Every deploy also includes a smoke check: Fly watches Machines for ~10 seconds after they start. If they crash repeatedly, the deploy fails.
Don’t forget to set wait_timeout
if your image is big or startup is slow. It’s easy to hit timeouts before Machines even start.
Zero-downtime is a shared responsibility
The Fly.io platform will keep your Machines healthy and traffic flowing. But there’s one thing it can’t fix: application incompatibility during deploys.

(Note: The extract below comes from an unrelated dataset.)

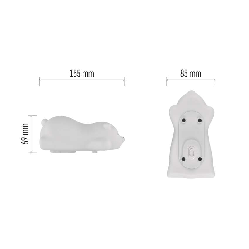 Ez az éjjeli lámpa kellemes hangulatot varázsol a gyermekszobákba a pihenéshez és a játékhoz. A lámpa érintésvezérlővel van felszerelve, amely lehetővé teszi a színek könnyű váltását szükség szerint. Több színmód áll rendelkezésre, köztük egy meleg fehér, amely ideális a nyugtató lefekvés előtti hangulathoz. A lámpa újratölthető, így anélkül használhatja, hogy az elemek cseréjével kellene törődnie. Ezenkívül praktikus időzítővel rendelkezik, amely 30 perc után automatikusan kikapcsolja a fényt, így energiát takarít meg és növeli a használat kényelmét.

Say you’re changing your database schema. You run the migration in a release_command
, then your Machines update one by one. If the old app code can’t handle the new schema, users will see errors while old Machines are still running. Same goes for bluegreen deployments: the new Machines are healthy, but traffic doesn’t switch until all of them are.
Fixing this is on you. You need to design schema and app changes that can coexist briefly. That usually means:
- App code that works with both the old and new database schemas
- Migrations that add columns or tables but don’t drop or rename until later
Every framework has guidance for this. Read it. Follow it. Then health checks, deployment strategies, and the platform can do their jobs.
Deploying without downtime isn’t automatic. But with a little help from your health checks and some care in your app logic, it’s well within reach.